What to do.
Everything from the line with "Men's Swiss Time" to the final line of the entries is to be set down exactly, except the pictures.

Extracted material.

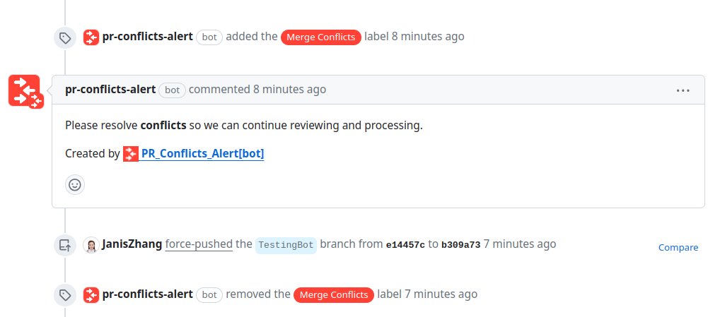 We often spend a lot of time manually checking for conflicts in many PRs. The PR Conflicts Alert GitHub App saves us that trouble. It labels and comments on PRs when they hit conflicts, then tidies up after the issues are resolved.
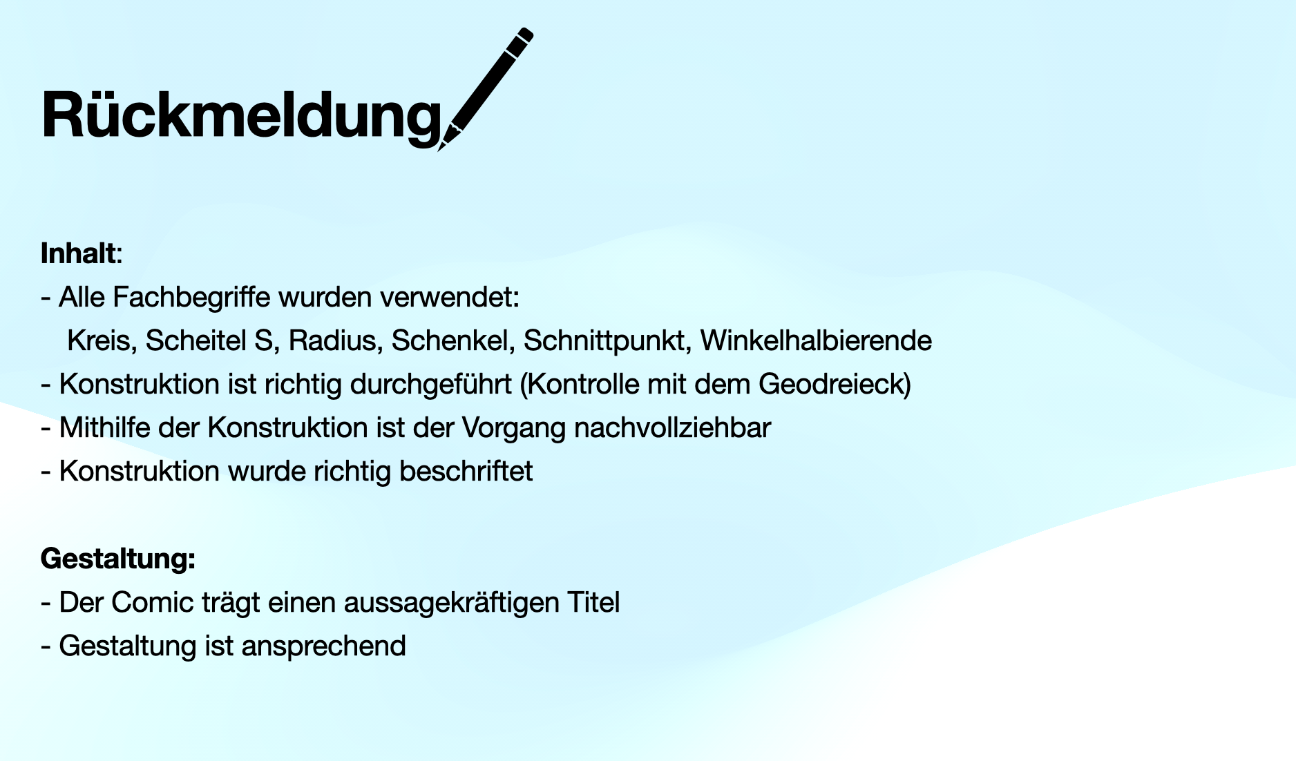 Da es sich um vergleichsweise recht aufwendige Lernprodukte handelt, sollten die Lernenden die Möglichkeit haben, in verschiedenen Arbeitsphasen Feedback einzuholen, so zum Beispiel zu den Vorprodukten und Konzepten, bevor sie mit der eigentlichen Erstellung des Films beginnen.
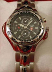 Men's Swiss Time Designer Quartz Watch with silver and black face, bold bezel and bracelet style band.
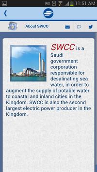 SWCC is a Saudi government corporation responsible for desalinating sea water, in order to augment the supply of potable water to coastal and inland cities in the Kingdom. SWCC is also the second largest electric power producer in the Kingdom.
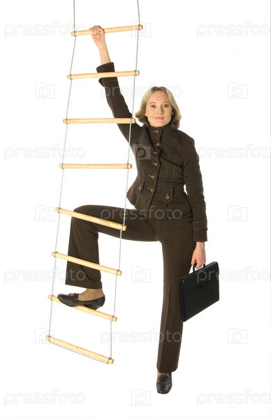 Бизнес-леди поднимается по веревочной лестнице
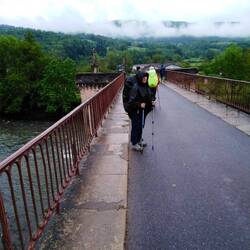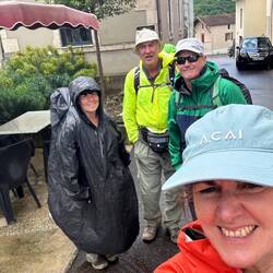We went slip sliding away trying our best not to end up on our backsides. Simon had to fight bushes to help us bypass huge lakes that had formed on the path. 7 hours later we made it into Estaing, across the pretty bridge into the town. We were filthy, smelly but happy to have made it to sit and have a beer and reflect.
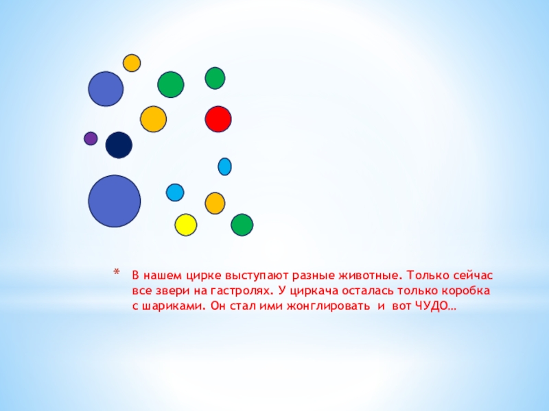 гастролях. У циркача осталась только коробка с шариками. Он стал ими жонглировать и вот ЧУДО…

Result for this exercise.
 Men's Swiss Time Designer Quartz Watch with silver and black face, bold bezel and bracelet style band.
 SWCC is a Saudi government corporation responsible for desalinating sea water, in order to augment the supply of potable water to coastal and inland cities in the Kingdom. SWCC is also the second largest electric power producer in the Kingdom.
 Бизнес-леди поднимается по веревочной лестнице
We went slip sliding away trying our best not to end up on our backsides. Simon had to fight bushes to help us bypass huge lakes that had formed on the path. 7 hours later we made it into Estaing, across the pretty bridge into the town. We were filthy, smelly but happy to have made it to sit and have a beer and reflect.
 гастролях. У циркача осталась только коробка с шариками. Он стал ими жонглировать и вот ЧУДО…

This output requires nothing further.